General characteristics
- Class & type: Ardent-class ship of the line
- Tons burthen: 137932⁄94 (bm)
- Length: 160 ft (49 m) (gundeck);; 131 ft 8 in (40.13 m) (keel);
- Beam: 44 ft 4.5 in (13.526 m)
- Depth of hold: 19 ft (5.8 m)
- Propulsion: Sails
- Sail plan: Full-rigged ship
- Complement: 500 officers and men
- Armament: 64 guns:; Gundeck: 26 × 24-pounders; Upper gundeck: 26 × 18-pounders; Quarterdeck: 10 × 4-pounders; Forecastle: 2 × 9-pounders;

= HMS Ardent (1764) =

Ship of the line of the Royal Navy

HMS Ardent was a 64-gun third-rate ship of the line of the Royal Navy. She was built by contract at Blaydes Yard in Hull according to a design by Sir Thomas Slade, and launched on 13 August 1764 as the first ship of the . She had a somewhat turbulent career, being captured by the French in the action of 17 August 1779, and then re-captured by Britain in 1782.

==Career==
=== British career ===
The Ardent was first commissioned in October 1774 under Captain Sir Charles Douglas. In 1778, under the command of Captain George Keppel, she was with Admiral Lord Howe's squadron off New York, defending the town from the larger French fleet under the command of Admiral d'Estaing. The two forces engaged in an action off Rhode Island on 11 August, though both fleets were scattered by a storm over the following two days. On 23 December her tender captured a prize off Cape Henry and another on 19 January 1779.
She returned home to Portsmouth and was paid off in January 1779.

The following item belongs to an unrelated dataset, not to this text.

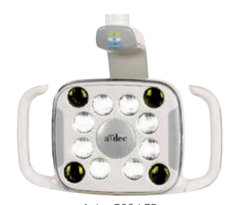
A-dec 500 LED

June 1779 saw Ardent recommissioned under the command of Captain Phillip Boteler, sailing from Plymouth in August to join Sir Charles Hardy in the Channel. According to the ship's logs, as many as 4/5 of the crew were landmen, and neither Boteler nor the captain of the Marlborough, in whose company Ardent was sailing, were aware that a French fleet had put to sea. Ardent encountered a fleet two days after sailing, and after receiving the correct replies to the private signal, ran down to meet them. The fleet however was a Franco-Spanish fleet, somehow in possession of the Royal Navy signal code book, thus permitting the correct response to Ardent's signals.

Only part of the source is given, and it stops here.